We'll learn how we can write a matrix to an image file, however, for debugging purposes it's much more convenient to see the actual values. We do this using the << operator of Mat.

Here is a testing file, t.cpp:

#include <opencv2/core/core.hpp>
#include <iostream>

using namespace cv;
using namespace std;

int main( int argc, char** argv )
{
    Mat img(2,2, CV_8UC3, Scalar(126,0,255));
    cout << "img = \n " << img << "\n\n";
    return 0;
}

and with the cmake file :

cmake_minimum_required(VERSION 2.8)
project( Tutorials )
find_package( OpenCV REQUIRED )
add_executable( Tutorials t.cpp )
target_link_libraries( Tutorials ${OpenCV_LIBS} )
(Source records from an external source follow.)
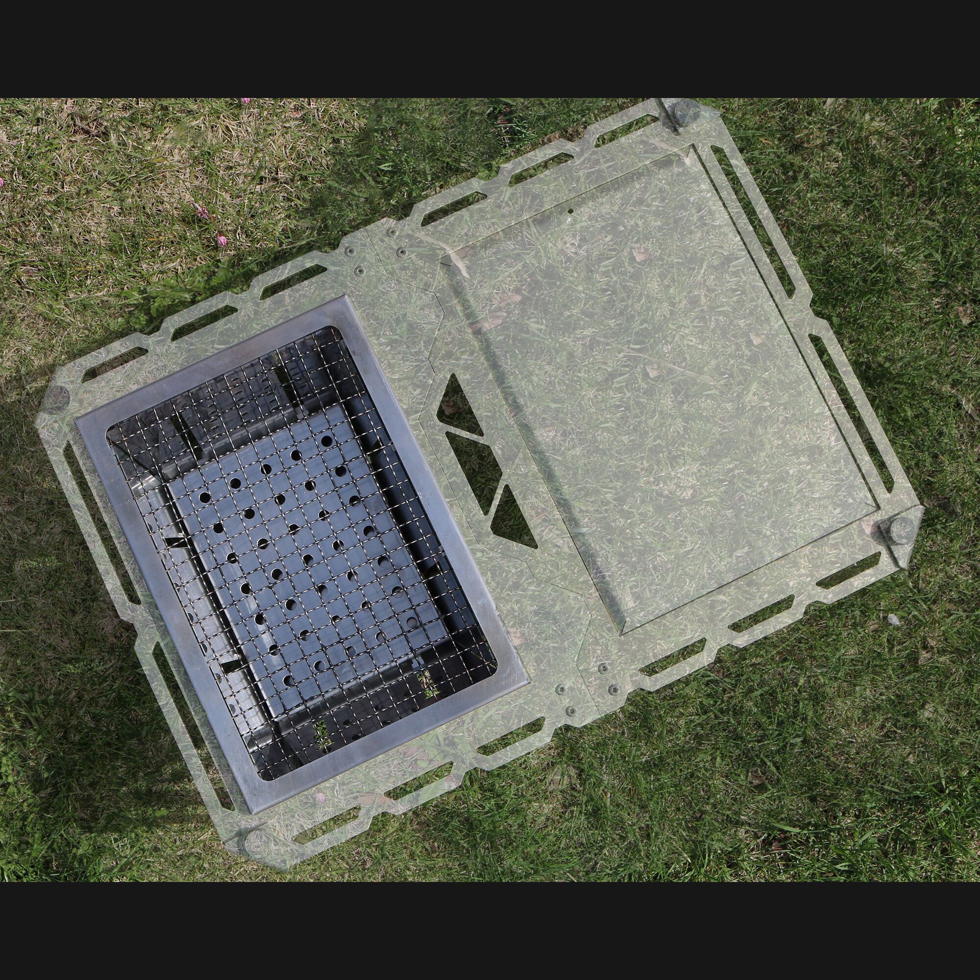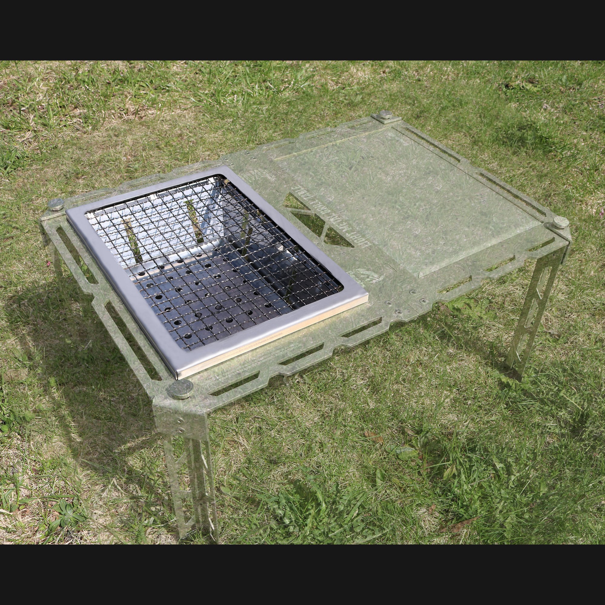 LMGテーブルの開口に収まるグリルと焼き網のセット
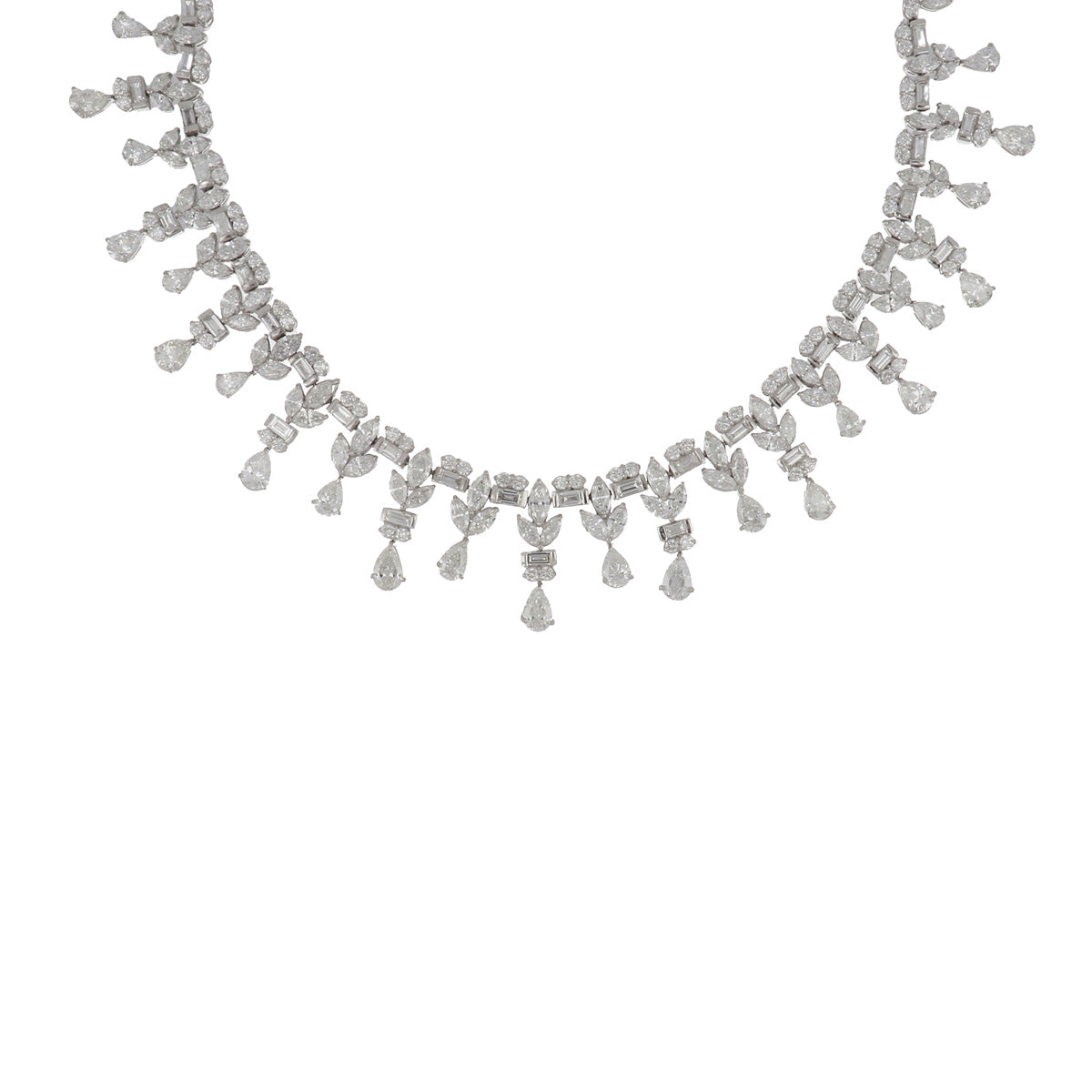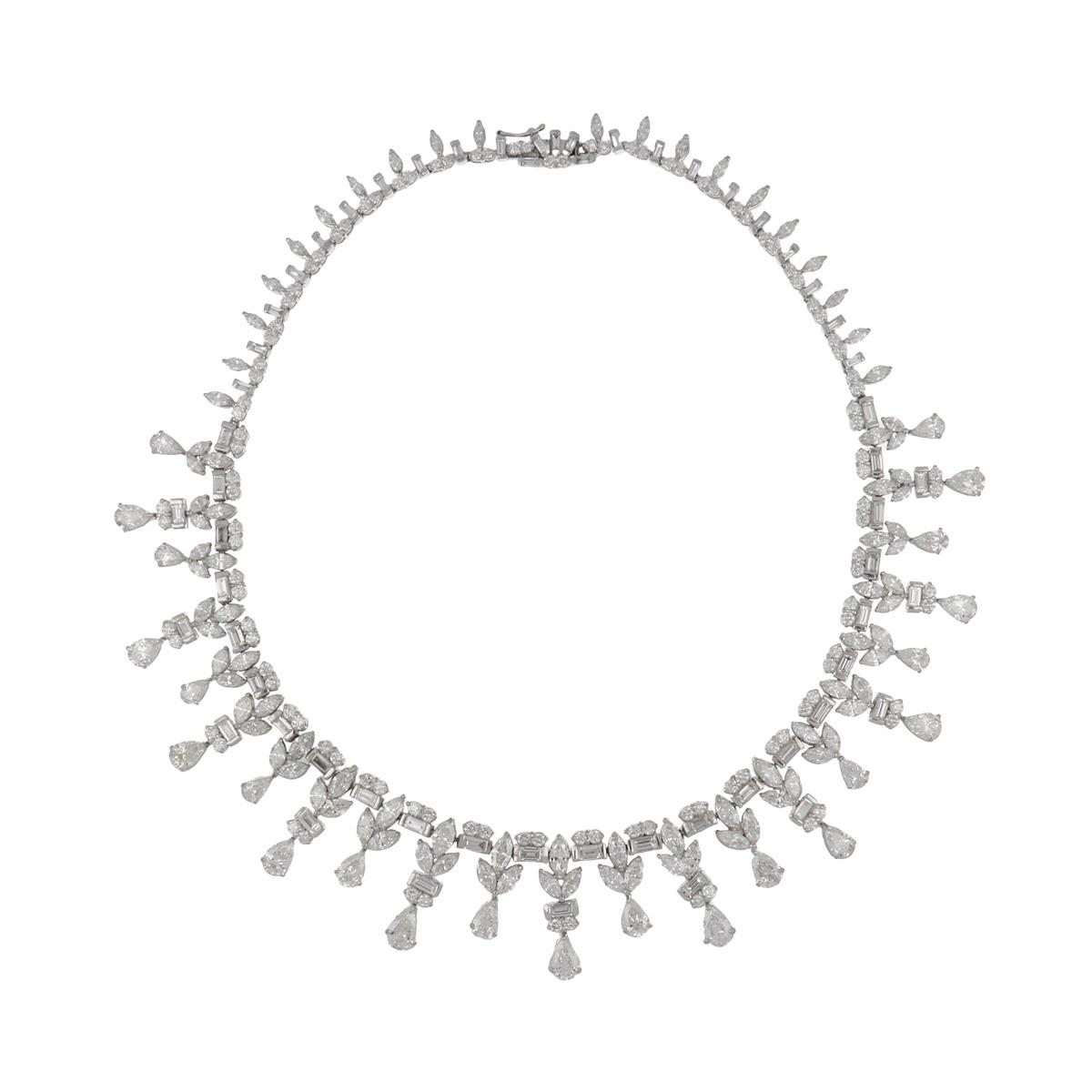 An important Mid-Century garland-style fringe necklace with graduated baguette and round brilliant-cut diamond links supporting numerous fancy-shape diamond drops, set in platinum. Circa 1960.
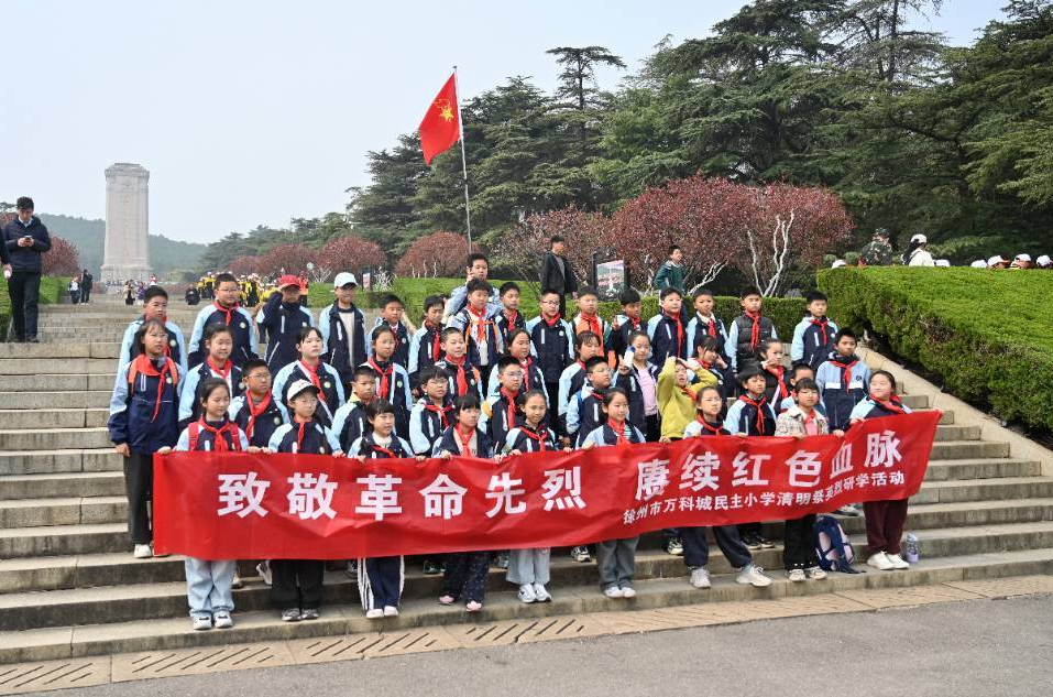 太行路小学四年级的学生们,来到淮海战役烈士纪念塔,上了一堂生动的“行走的课堂”。孩子们跟着讲解员,聆听革命先辈的战斗故事。在烈士英名墙前,大家不约而同放慢脚步,静静凝望。纪念馆内,孩子们仔细查看每一件文物、每一张老照片,得知不少烈士牺牲时年仅十七八岁,脸上都露出敬佩的神情。
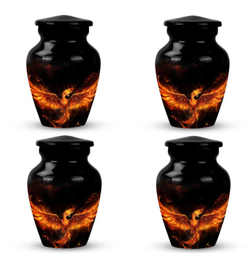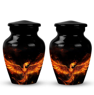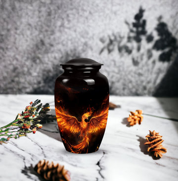 Cherish the memories of your departed loved ones with our Fire Phoenix Memorial Urn. This 3-inch, large-sized aluminium urn is robust yet lightweight at just 3.3 pounds, and skillfully crafted to stand at 10 inches of reverence. This Funeral Urn is uniquely characterized by its classic urn design that's impeccably pleasing to the eyes. The urn is substantial, with a 200 cubic inches capacity, enough to hold the ashes of your loved ones with room to spare. For ease of management, it comes with a velvet pouch for the containment of ashes. Even more, our memorial urns offer a unique touch - they can be personalized with engraved names. This adds an element of reverence, making the urn not just an ashes holder for cremation, but a decorative urn for human ashes. Purchase now to experience not just a container for human ashes, but an ashes keepsake for your lost, but never-forgotten loved ones.

So, put the two files in a directory called Tutorials and run cmake:

$ cmake .
-- Configuring done
-- Generating done
-- Build files have been written to: /home/khong/OpenCV/workspace/Tutorials
$ make
Scanning dependencies of target Tutorials
[100%] Building CXX object CMakeFiles/Tutorials.dir/t.cpp.o
Linking CXX executable Tutorials
[100%] Built target Tutorials

If we run the code:

$ ./Tutorials 
img = 
 [126,   0, 255, 126,   0, 255;
 126,   0, 255, 126,   0, 255]

If we modify the row from 2 to 5:

Mat img(2,2, CV_8UC3, Scalar(126,0,255));
==>
Mat img(5,2, CV_8UC3, Scalar(126,0,255));

We get:

img = 
 [126,   0, 255, 126,   0, 255;
 126,   0, 255, 126,   0, 255;
 126,   0, 255, 126,   0, 255;
 126,   0, 255, 126,   0, 255;
 126,   0, 255, 126,   0, 255]

Here is the convention for the data type used in CV_8UC3:

CV_[The number of bits per item][Signed or Unsigned][Type Prefix]C[The channel number]

So, here is the meaning of the CV_8UC3:
we want to use unsigned char types('U') that are 8 bit long and each pixel has 3 of these to form the 3 channels. The Scalar is four element short vector.






Channels

Single channel array

SingleChannelArray.png

Here is a single channel array with 8 bit unsigned integers. As the datatype of this array is 8 bit unsigned integers, each element should have a value from 0 to 255.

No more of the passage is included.